Background: Most head and neck cancers originate in the mucosa of the upper aerodigestive tract, and are largely squamous cell carcinoma (HNSCC). Nectin-4 is an immunoglobulin-like cell adhesion molecule that is overexpressed in a wide variety of cancers, including ~85% of HNSCC cases (1). An antibody-drug conjugate (ADC) against nectin-4, PADCEV (enfortumab vedotin, Astellas), has performed impressively in the management of urothelial carcinoma (2), and is currently being explored for HNSCC (EV-202 trial, NCT04225117). Here we adapt the base antibody of PADCEV into a beta-emitting radioimmunotherapy for the management of HNSCC with promising early results compared to PADCEV itself. 

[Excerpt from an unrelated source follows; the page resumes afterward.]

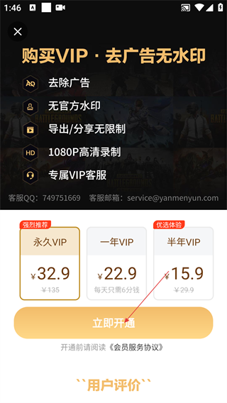 3、点击【了解更多】进入VIP开通页,可查看【永久VIP-32.9元】【一年VIP-22.9元】等套餐,开通后可享无广告、1080P录制等特权。

Methods: Enfortumab IgG1 was conjugated with CHX-A”-DTPA to lysine residues followed by complexation of [¹⁷⁷Lu]LuCl₃ (nca) in a mildly acidic acetate buffer and isolated with a PD-10 desalting column. Instant thin layer chromatography (ITLC) was used to assess radiochemical purity (RCP) and serum stability of the [¹⁷⁷Lu]Lu-CHX-A”-DTPA-enfortumab, while non-reducing SDS-PAGE was used to monitor the structural integrity of the antibody. A plate binding assay was performed to test the ability of ¹⁷⁷Lu-CHX-A”-DTPA-enfortumab to bind to its antigen. Next, [¹⁷⁷Lu]Lu-CHX-A”-DTPA-enfortumab (50 µg, 500 µCi) was administered to female nude mice bearing subcutaneous FaDu xenografts, a HNSCC line of low-to-moderate nectin-4 expression. Biodistribution studies were performed over a 120 h period, including a blocking cohort where a 20-fold excess of unmodified enfortumab was co-administered. The therapeutic response to [¹⁷⁷Lu]Lu-CHX-A”-DTPA-enfortumab, monitored with biweekly tumor measurements and animal weights, was compared against PADCEV (1.25 mg/kg) and a 1x PBS control. ImmunoPET images with zirconium-89 labeled enfortumab ([⁸⁹Zr]Zr-DFO-enfortumab) was also performed to help visualize uptake into the FaDu xenografts.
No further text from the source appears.